There is undoubtedly a place for off-the-shelf programs. For small businesses with limited exposure to financial crime risk, a well-crafted template can provide the structure they need to meet their obligations without overcomplicating things.

However, the reality of what’s often sold under the “off-the-shelf” banner is alarming. We’ve personally seen examples of AML/CTF programs provided to small businesses, some with only a handful of staff, that were unnecessarily lengthy and poorly structured. These documents were littered with unnecessary commitments that would require a far larger team of compliance professionals to implement effectively, let alone one or two people juggling compliance alongside other roles within the business.

Why Does This Happen?

  1. Lack of Scalability: Many providers produce templates designed for large businesses without scaling them down to reflect the nature, size, complexity and risk profile of the business acquiring the program.
  2. Misaligned Incentives: It takes time and effort to adapt off-the-shelf programs for multiple entities, an investment some consultants may overlook, prioritising convenience over customisation and leaving small businesses with unworkable solutions.
  3. Budget: Smaller businesses often operate with limited budgets and may see an off-the-shelf program as a cost-effective solution, at least in the short term, allowing them to minimise expenses where possible.
  4. Tick-Box Mentality: Too often, the focus is on demonstrating that a program exists rather than ensuring it is fit for purpose.

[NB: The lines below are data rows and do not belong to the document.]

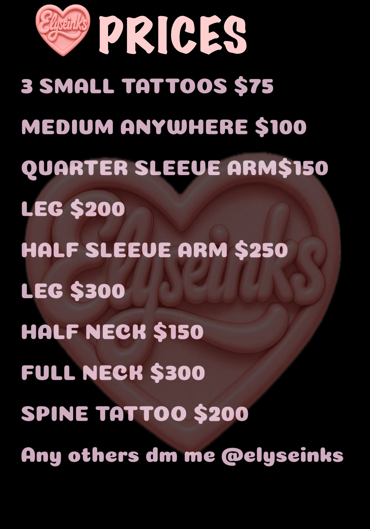 Once paid text “TATTOO” to (404)654-0817 for a confirmation and further instruction such as location, design, and any other questions.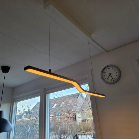 Taklampan består av flera skärmar monterade på en lång horisontell stång, upphängd i tunna vajrar.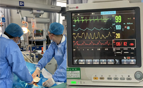 转运的过程中,医护人员给予持续心肺复苏,直至患者到达医院急诊科,抢救室同时已做好各项准备工作。5点35分,患者到达医院抢救室,过床、LUCAS胸外按压、电除颤、气管插管、机械通气,一气呵成,大家各司其职、有条不紊的配合。虽然此时患者家属尚未到院,但对患者的救治一刻也不能耽误,急诊科立即开通绿色通道。患者反复出现室颤,医生予以电除颤,并积极应用抢救药物抗交感电风暴,高质量心肺复苏从未间断。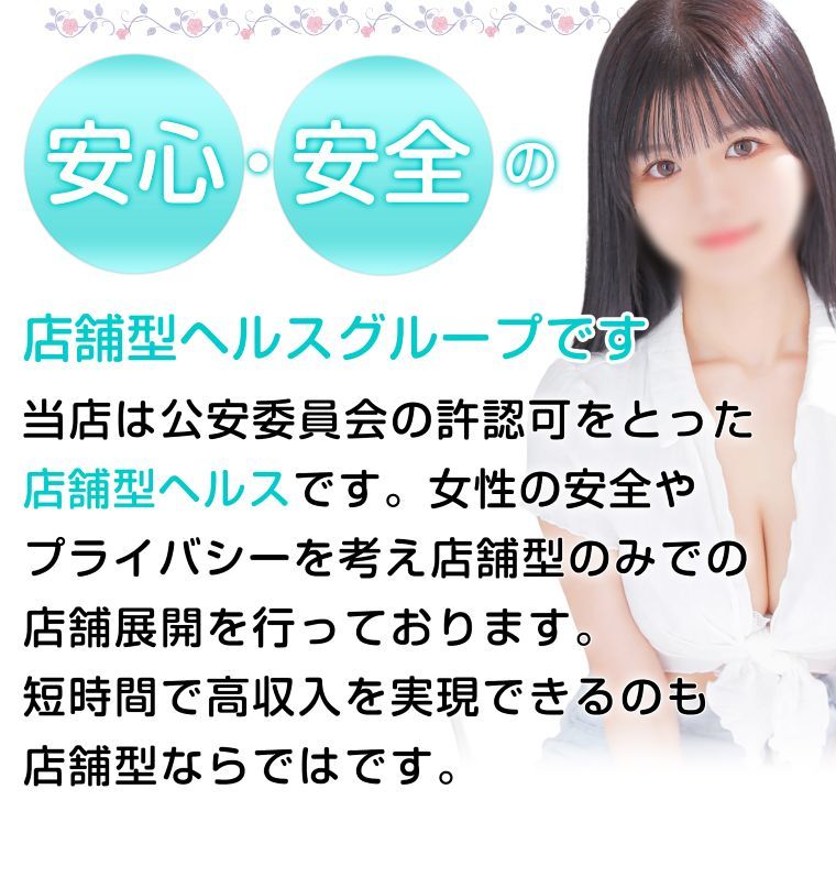 A当店は店舗型ですので車でお客様の自宅に行くことやホテルに行くこともありませんのでご安心ください。スタッフが同じ店内にいて案内前にお客様の確認も対面でおこなっていますので大丈夫です。風俗の職種の中でも始めやすいと思いますのでお気軽にご相談ください。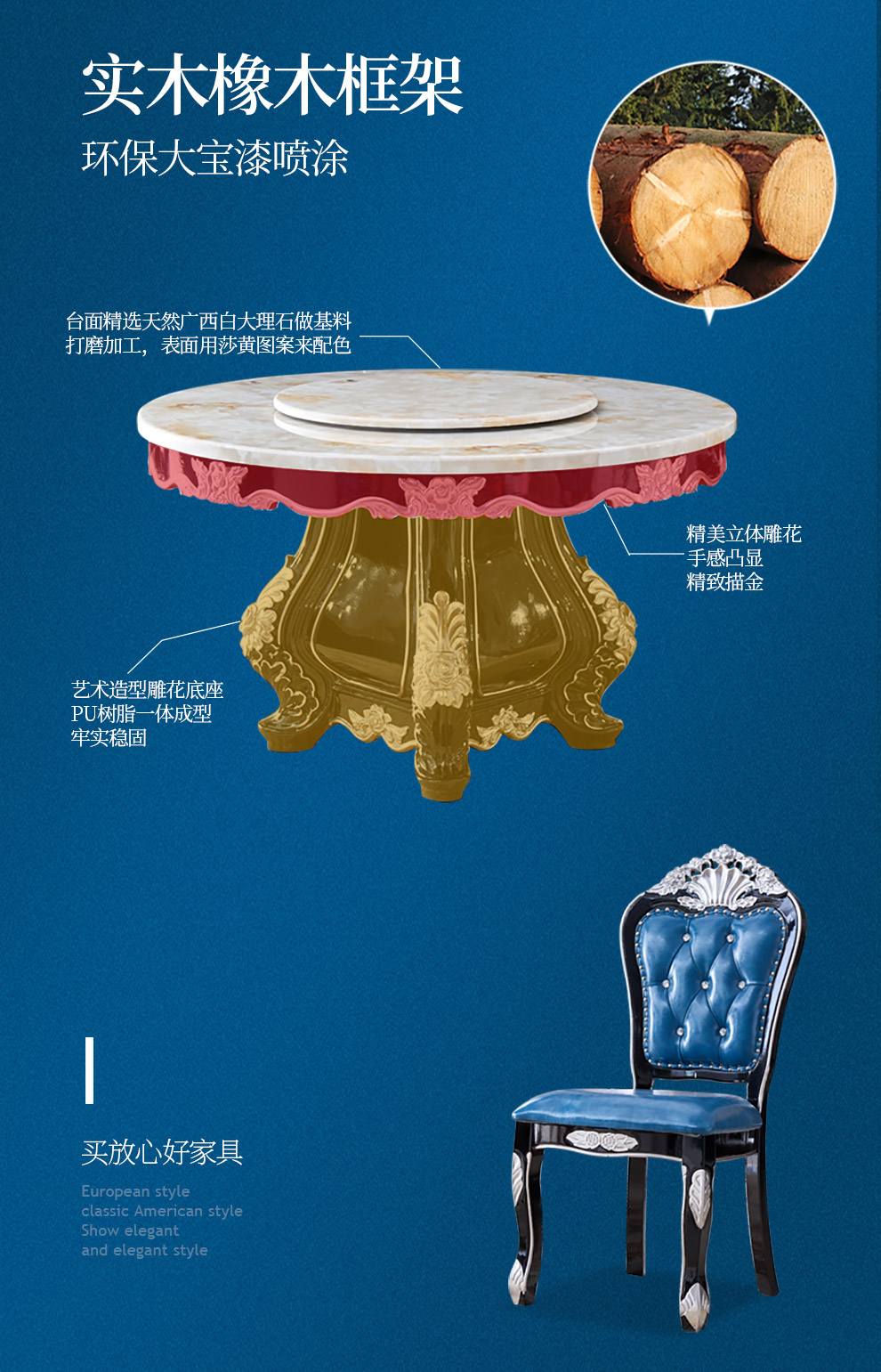 梦美斯宣布テーブル大理石丸テーブル新古典木枠テーブルセット欧風彫刻大戸型テーブル652 1.3/1.5 m円卓【写真価格ブランド見積】-京東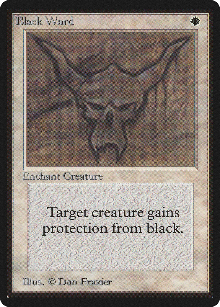 Enchanted creature has protection from black. This effect doesn't remove this Aura.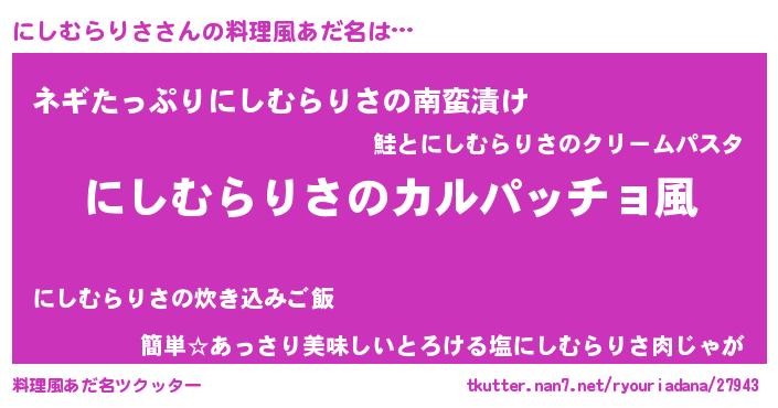 | ヘコむあだ名 | 『にしにー』『にしむらりさ(笑)』 |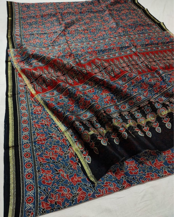 Ajrakh Printed Arapawa Blue Chanderi Silk Saree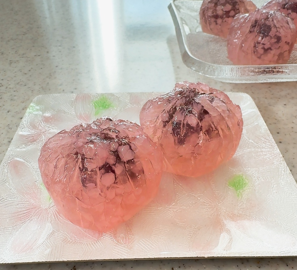 ピンク色に染めた道明寺粉が桜の花びらのような美しいお菓子です。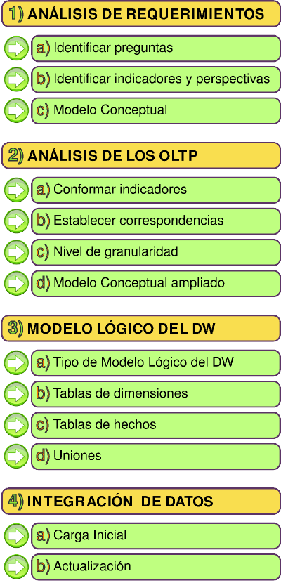 Como se puede apreciar, se comienza recolectando las necesidades de información de l@s usuari@s y se obtienen las preguntas claves del negocio. Luego, se deben identificar los indicadores resultantes de los interrogativos y sus respectivas perspectivas de análisis, mediante las cuales se construirá el modelo conceptual de datos del DW.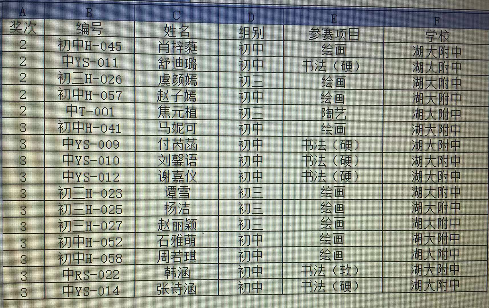 為豐富武昌區(qū)中小學(xué)學(xué)生藝術(shù)文化生活,推進(jìn)武昌區(qū)基礎(chǔ)美術(shù)特色教育特色發(fā)展,選拔參加武漢市“藝術(shù)小人才”美術(shù)比賽優(yōu)秀選手,2019年武昌區(qū)舉辦了優(yōu)秀“藝術(shù)小人才”美術(shù)比賽的活動(dòng)。此次比賽共有 繪畫(huà)創(chuàng)作、陶藝創(chuàng)作、 書(shū)法創(chuàng)作(軟筆或硬筆)三個(gè)大類(lèi)別,比賽分組分為:小學(xué)中年級(jí)組(三、四年級(jí))、小學(xué)高年級(jí)組(五、六年級(jí))、初中組(7、8年級(jí))、初三年級(jí)組、高中組(高一、高二、高三)五類(lèi)別。湖北大學(xué)附屬中學(xué)參賽學(xué)生代表喜獲佳績(jī),現(xiàn)將成績(jī)公布如下。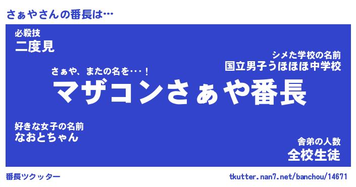 | ポケモン風あだ名 | 『サァチュウ』『サァヤダネ』 |
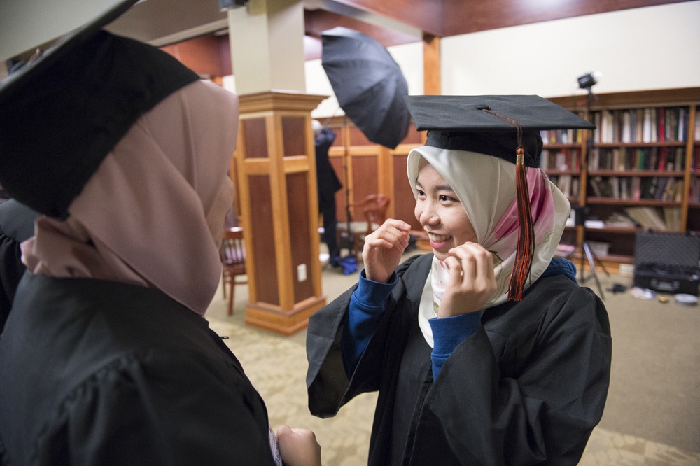 From left, Irma Kamaruddin and Noor Masleina Dahalan, fourth-year biotechnology students from Malaysia, help each other adjust their caps before getting their portraits taken by GradImages at the graduation fair. About 500 members of RITââ¬â¢s Class of 2018 attended a graduation fair in the Student Alumni Union. The fair provided students with a one-stop opportunity to gather information related to the May 11-12 commencement weekend. -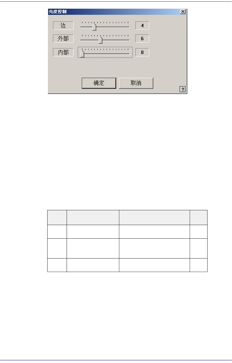 4-9 Tools 简化操作 (shortcut) 菜单 < 边 > slide bar 设定侧面的照明度。 (0 - 15) < 外部 > slide bar 设定外部照明度。 (0 - 15) < 内部 > slide bar 固定相机时 , 设定内部 照 明 度。 (0 - 15) < 确定 > 按钮 把设定的照明度反映到照明数据后关闭对话框。 < 取消 &…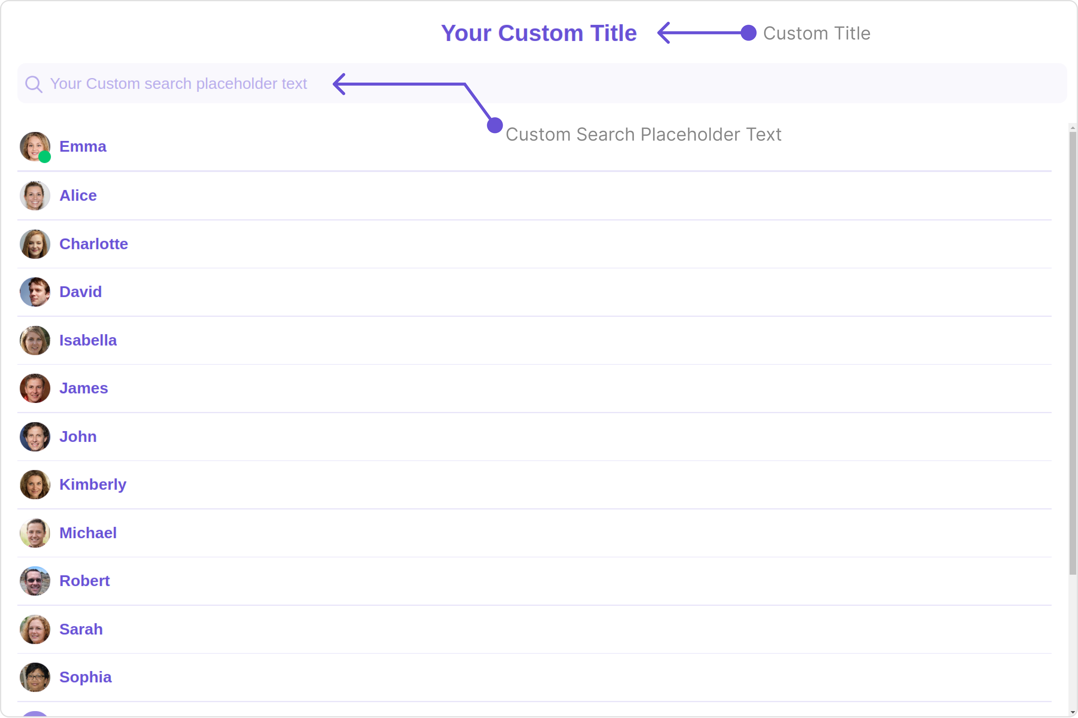 To fit your app’s design requirements, you can customize the appearance of the Users component. We provide exposed methods that allow you to modify the experience and behavior according to your specific needs.

The result? Small businesses are left with AML/CTF programs they can’t realistically implement, increasing their exposure to regulatory risk rather than reducing it.

The Solution: Professionals Need to Step Up

Off-the-shelf AML/CTF programs can work — but only if they’re built with the right principles in mind:

  1. Right-Sized Documentation: The length, complexity, and commitments within the program must reflect the size, structure, and risk profile of the business.
  2. Plain Language: Small business owners are not compliance experts. The program should be written in clear, actionable terms without excessive jargon.
  3. Tailored Risk Assessments: Even within an off-the-shelf framework, the risk assessment should be specific to the business’s products, customers, delivery channels and geographic exposure.
  4. Support: Simply handing over a document isn’t enough. Providers should offer guidance on how to implement the program day-to-day.

AUSTRAC’s Approach: A Contradiction Worth Noting

AUSTRAC has committed to developing AML/CTF starter kits, specifically for small businesses in Tranche 2 sectors. These kits are designed to provide simplified, low-complexity AML/CTF programs designed for entities with lower risk profiles. Yet this pragmatic initiative appears to conflict with AUSTRAC’s earlier guidance cautioning against template solutions. AUSTRAC itself has previously stated: ‘AUSTRAC recommends you avoid using template or global AML/CTF programs (which are not Australia-specific).’

This apparent contradiction reflects the challenge of balancing practicality with effectiveness. While AUSTRAC rightly cautions against generic solutions, its support for Tranche 2 starter kits acknowledges that small businesses require cost-effective, workable frameworks. The key lies in ensuring that any template, whether provided by AUSTRAC or a third party, is carefully tailored to the specific risk profile of the business to achieve compliance in an environment that demands a risk-based approach.

Final Thoughts: Trust and Accountability Matter

Off-the-shelf AML/CTF programs can serve a purpose, particularly for small businesses newly entering the regulated space, such as the Tranche 2 entities. However, these solutions must be genuinely fit-for-purpose, not just recycled templates with a new label.

Ultimately, it’s incumbent on the professionals offering these programs to move beyond the pursuit of a quick sale. They should look to deliver solutions that help businesses meet their obligations in a clear, practical way.

For small businesses navigating AML/CTF obligations, our advice is straightforward: if an off-the-shelf program feels overwhelming, it probably is — and that’s a red flag that should not be ignored.